▸ **EXERCISE BRIEF**:
No picture should appear in the copy. Transcribe exactly, and only, the lines from the one with "敖寸心是个单体治疗很高的治疗" through the last line of the data below.

▸ **DATA TO EXAMINE**:
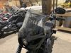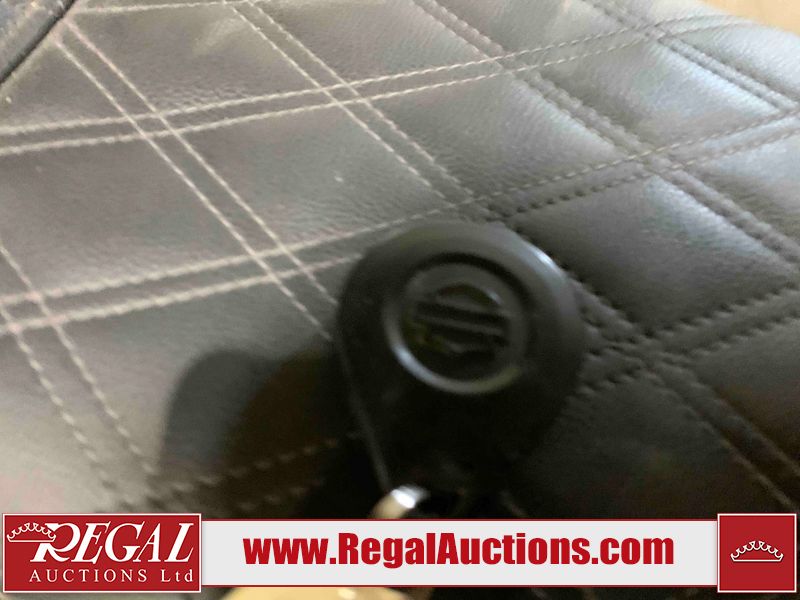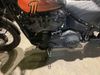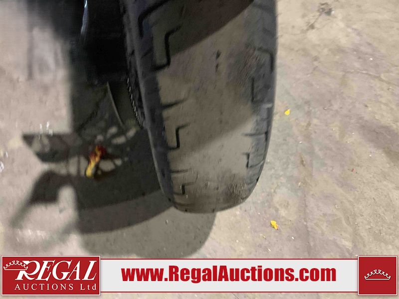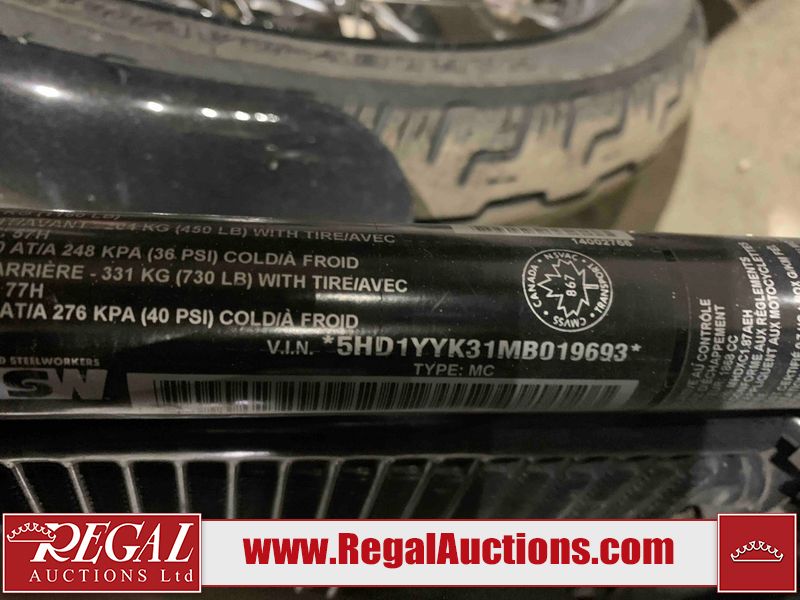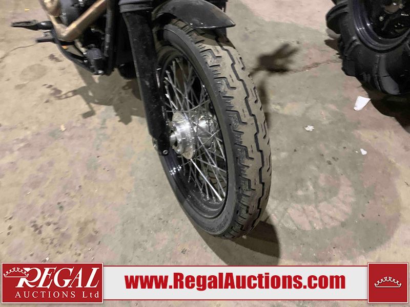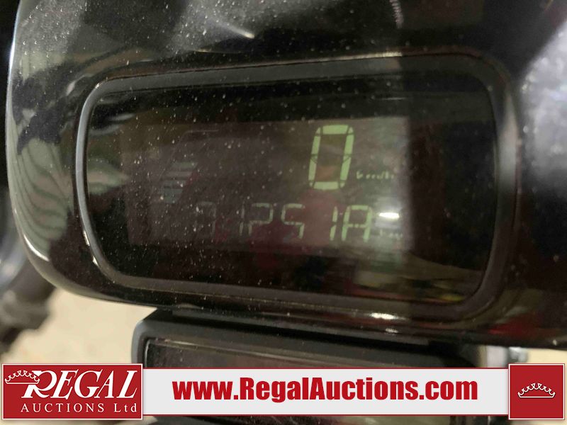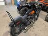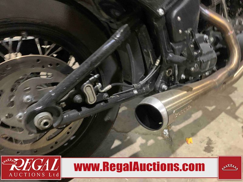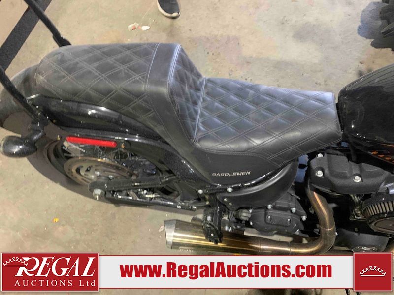 This cruiser style motorcycle is a 2021 Harley Davidson FXBBS Street Bob 114 1,868cc model. The odometer reads 12,518 km. There are chips on the front fender, front fairing, and both side plastics. The tank, front fairing and both fenders have scratches. An aftermarket exhaust, seat, handlebars, and pegs have been installed. The rear tire is showing low tread and will need to be replaced. The engine requires a boost to start. This unit is powered by a 1868cc twin cylinder liquid cooled engine and a six speed manual transmission with a belt final drive.
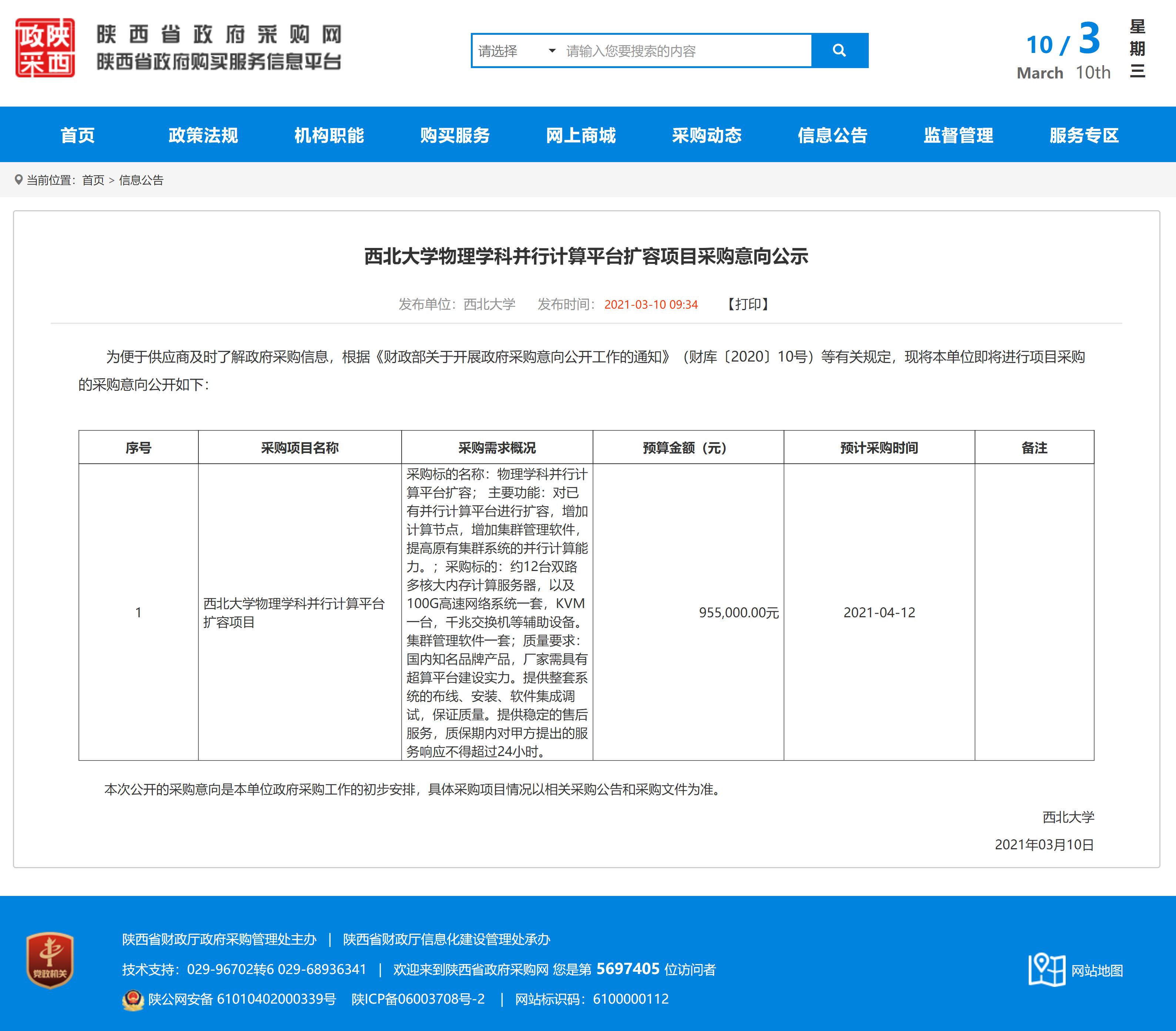 西北大学物理学科并行计算平台扩容项目采购意向公示
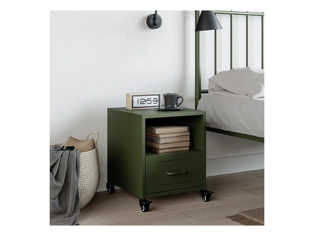 Table de chevet vert olive 36x39x60,5 cm acier laminé à froid
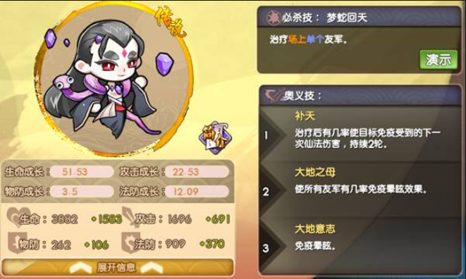 敖寸心是个单体治疗很高的治疗,有几率触发的连续治疗效果有时能产生奇效,搭配杨戬、哪吒、黄飞虎都是不错的选择。
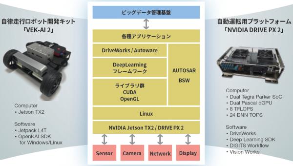 本スターターキットは、自動運転・ADAS(※)開発に必要なハードウェアと、その上で動作するソフトウェアで構成され、サポートも含みます。また、お客様には速やかな環境構築を提供するだけでなく、エッジデバイスからクラウド環境まで段階的な検証環境を用意し、AI(人工知能)やディープラーニングなど、GPGPU(※)を活用した将来的な研究開発をワンストップで支援します。
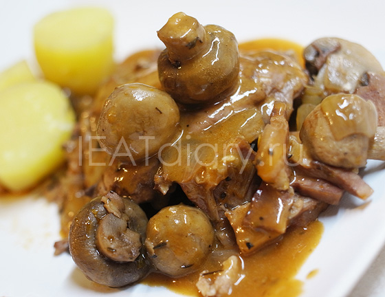 Заменитый петух в вине, очень вкусное национальное блюдо французкой кухни, которое имеет столько же вариантов приготовления, сколько провинций во Франции. По традиции, Coq au vin готовят именно из мужской особи семейства куриных, но, ясное дело, в наших широтах свободно купить можно только женскую, что, я думаю, не так принципиально для вкуса блюда.
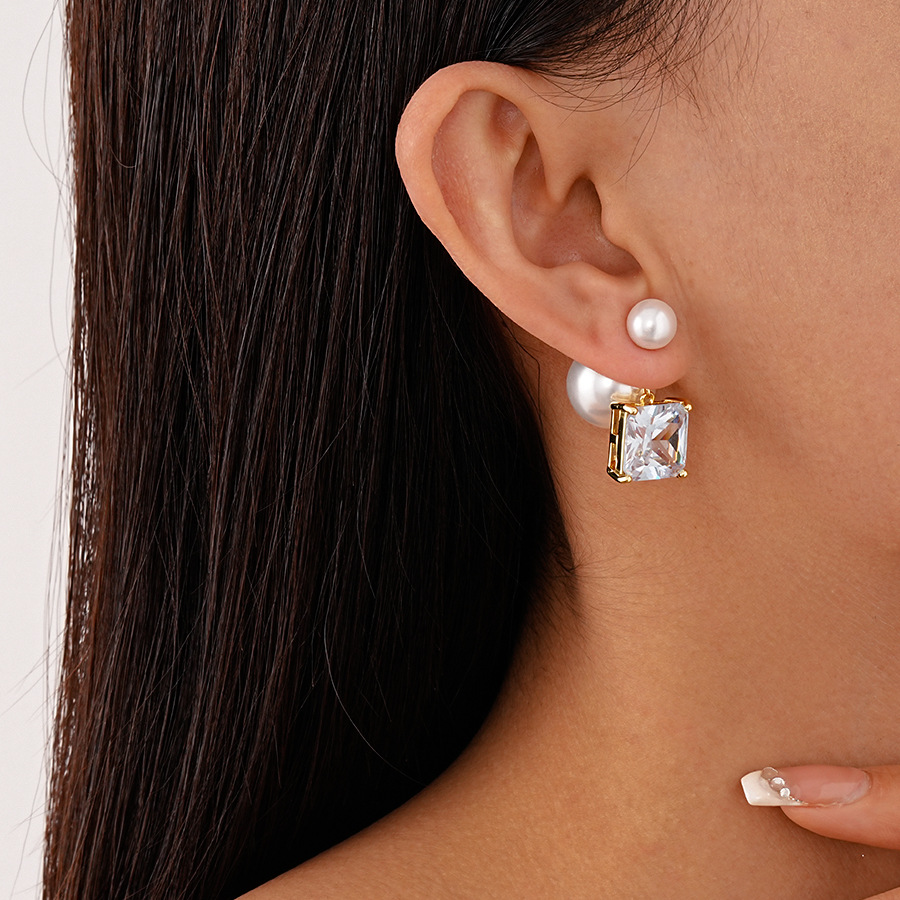 Boucles d'oreilles en laiton zircon cubique, Plaqué de platine, avec les perles en verre & avec zircone cubique Vendu par paire
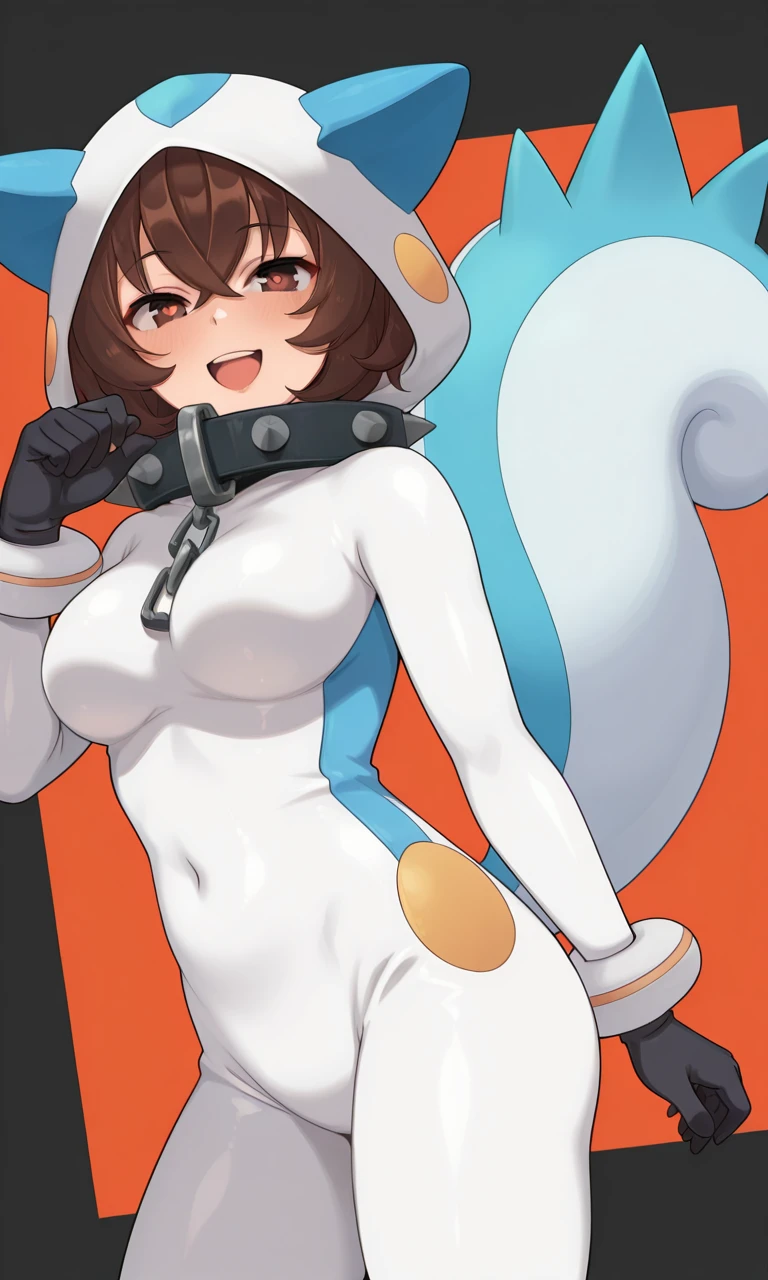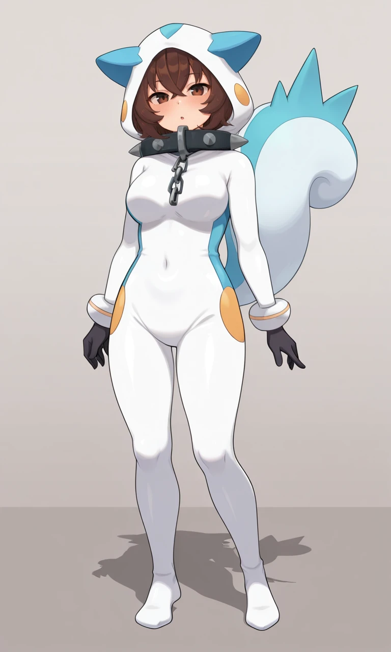 P4ch1G1rl, 1girl, solo, short hair, brown hair, gloves, animal ears, hair between eyes, medium breasts, brown eyes, tail, full body, black gloves, hood, collar, cosplay, covered navel, , chain, hood up, crossed bangs, spikes, white , squirrel tail, animal costume, animal costume
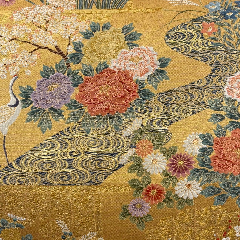 昭和23年に創業した西陣の老舗、「長嶋成織物」の作品です。 おめでたい席に相応しい意匠の袋帯でございます。 格式高いお席にもお使いいただけますので、お見逃しのないようお願いいたします。 リユース品としては目立った染み傷なく、状態の良いお品でございます。 ※なお、厳しく商品の状態確認を行っておりますが、記載の汚れ以外にも見落とし箇所がある可能性がある旨ご了承いただけますと幸いです。 沢山の商品の中からご覧いただき誠にありがとうございます。 【PR2】
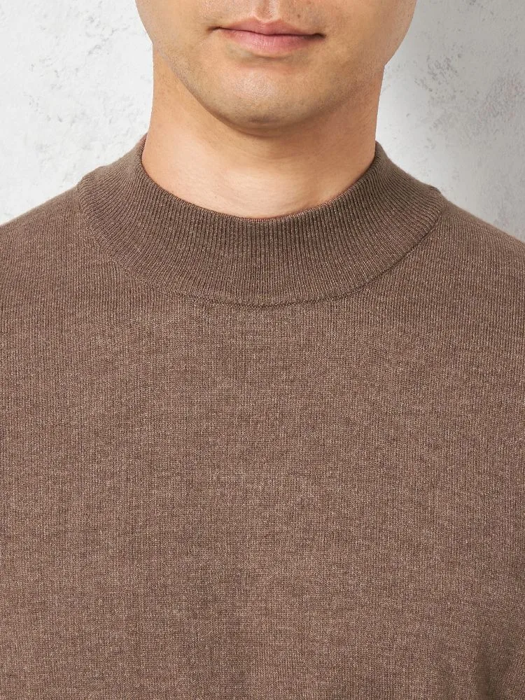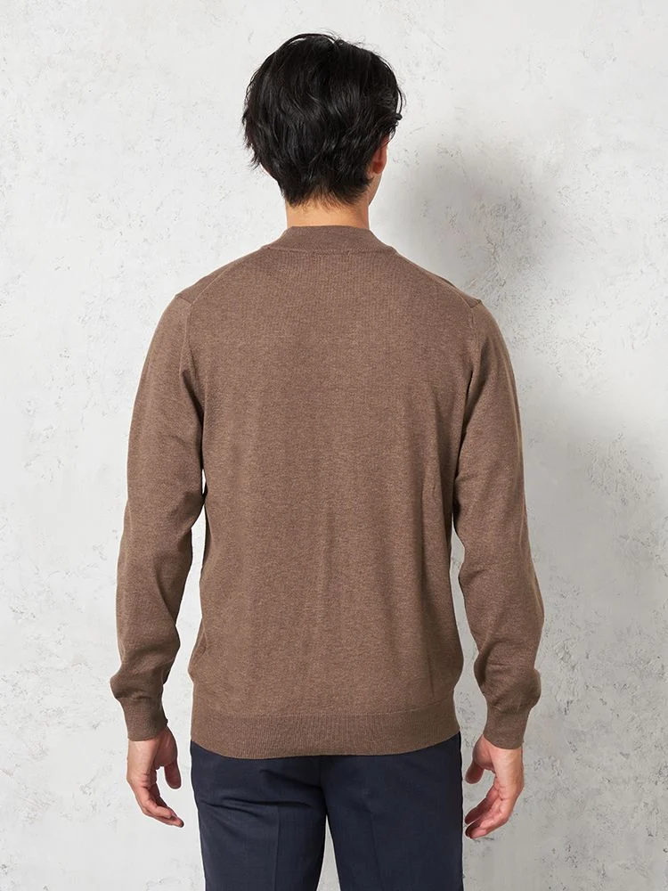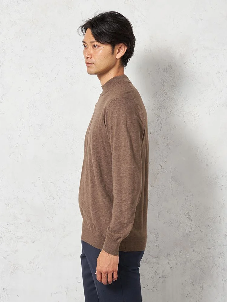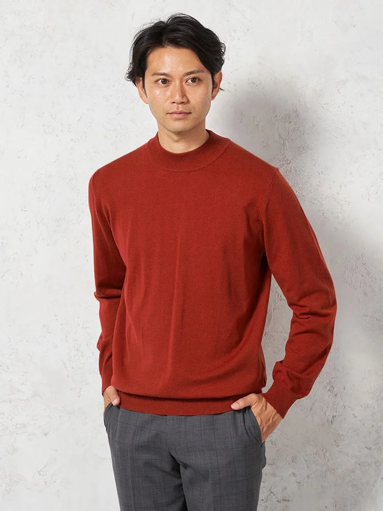 やや詰まりのあるモックネックでカジュアルになりすぎない、こなれ感のある装いが完成します。

▸ **SOLUTION FOR THIS PROBLEM**:
 敖寸心是个单体治疗很高的治疗,有几率触发的连续治疗效果有时能产生奇效,搭配杨戬、哪吒、黄飞虎都是不错的选择。
 本スターターキットは、自動運転・ADAS(※)開発に必要なハードウェアと、その上で動作するソフトウェアで構成され、サポートも含みます。また、お客様には速やかな環境構築を提供するだけでなく、エッジデバイスからクラウド環境まで段階的な検証環境を用意し、AI(人工知能)やディープラーニングなど、GPGPU(※)を活用した将来的な研究開発をワンストップで支援します。
 Заменитый петух в вине, очень вкусное национальное блюдо французкой кухни, которое имеет столько же вариантов приготовления, сколько провинций во Франции. По традиции, Coq au vin готовят именно из мужской особи семейства куриных, но, ясное дело, в наших широтах свободно купить можно только женскую, что, я думаю, не так принципиально для вкуса блюда.
 Boucles d'oreilles en laiton zircon cubique, Plaqué de platine, avec les perles en verre & avec zircone cubique Vendu par paire
 P4ch1G1rl, 1girl, solo, short hair, brown hair, gloves, animal ears, hair between eyes, medium breasts, brown eyes, tail, full body, black gloves, hood, collar, cosplay, covered navel, , chain, hood up, crossed bangs, spikes, white , squirrel tail, animal costume, animal costume
 昭和23年に創業した西陣の老舗、「長嶋成織物」の作品です。 おめでたい席に相応しい意匠の袋帯でございます。 格式高いお席にもお使いいただけますので、お見逃しのないようお願いいたします。 リユース品としては目立った染み傷なく、状態の良いお品でございます。 ※なお、厳しく商品の状態確認を行っておりますが、記載の汚れ以外にも見落とし箇所がある可能性がある旨ご了承いただけますと幸いです。 沢山の商品の中からご覧いただき誠にありがとうございます。 【PR2】
 やや詰まりのあるモックネックでカジュアルになりすぎない、こなれ感のある装いが完成します。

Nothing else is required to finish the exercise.